Fast Search & Transfer (OSEAX: FAST.OL) (FAST) unveiled the FAST Adaptive Information Warehouse (AIW), a new approach that lets users capitalize on their entire universe of information to make better informed decisions for competitive advantage. Built on a search platform, FAST AIW integrates an end-to-end framework of products that unifies search and Business Intelligence. FAST AIW puts the Business Intelligence solutions on top of the search platform to integrate and orchestrate all of the information needed to make BI more effective. Users can directly search and navigate Business Intelligence data in an ad-hoc manner, then display relevant, usable information to users without the need for predefined report creation. The FAST AIW platform includes FAST Radar, a Web-based Business Intelligence portal and tool that brings actionable information and statistical analysis to decision-makers throughout the organization by means of a familiar search and navigation interface. FAST Radar provides insights into data through personal, flexible dashboards that move intelligence in the enterprise from IT and business analysts to every business user. Also included is the FAST Data Cleansing Solution, which provides up-to-the-minute access to all information, structured and unstructured, regardless of its source or location. It uses linguistics to improve data quality, enabling organizations to match, merge, and cleanse data automatically. The FAST AIW platform, including FAST Data Cleansing and FAST Radar, is available immediately. FAST Data Cleansing and FAST Radar may also be purchased as individual products.

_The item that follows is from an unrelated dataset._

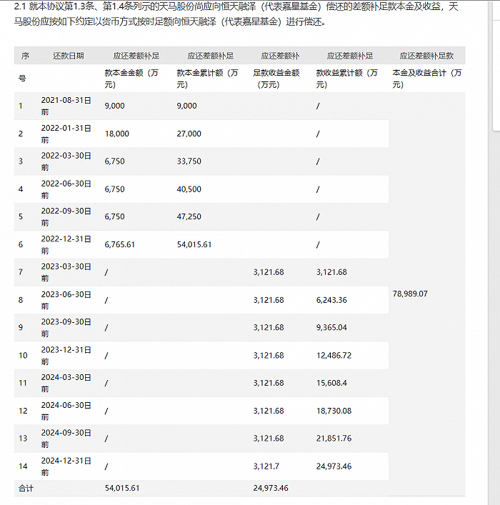 恒天财富此前与部分投资人签署兑付协议,承诺分别于今年8月底、2022年1月底以及明年年底偿还全部本金及剩余部分利息。界面新闻记者查阅天马股份公告发现,上述兑付日期与天马股份和恒天融泽签署的和解协议中约定的还款时间表基本对应。

Adobe to Release PDF for Industry Standardization

Adobe Systems Incorporated (Nasdaq:ADBE) announced that it intends to release the full Portable Document Format (PDF) 1.7 specification to AIIM, the Enterprise Content Management Association, for the purpose of publication by the International Organization for Standardization (ISO). PDF has become a de facto global standard since Adobe published the complete PDF specification in 1993. Since 1995 Adobe has participated in various working groups that develop technical specifications for publication by ISO and worked within the ISO process to deliver specialized subsets of PDF as standards for specific industries and functions. Today, PDF for Archive (PDF/A) and PDF for Exchange (PDF/X) are ISO standards, and PDF for Engineering (PDF/E) and PDF for Universal Access (PDF/UA) are proposed standards. Additionally, PDF for Healthcare (PDF/H) is an AIIM proposed Best Practice Guide. AIIM serves as the administrator for PDF/A, PDF/E, PDF/UA and PDF/H. Adobe will release the full PDF 1.7 specification as defined in the PDF Reference Manual to AIIM for the purpose of submission to ISO. The joint committee formed under AIIM will identify issues to be addressed, as well as proposed solutions, and will develop a draft document that will then be presented to a Joint Working Group of ISO for development and approval as an International Standard. AIIM holds the secretariat for the International Organization for Standardization (ISO) Technical Committee (TC) 171 and 171 SC2 for Document Management Applications, and is the administrator for the U.S. Technical Advisory Group to ISO TC 171 that represents the U.S. at international meetings.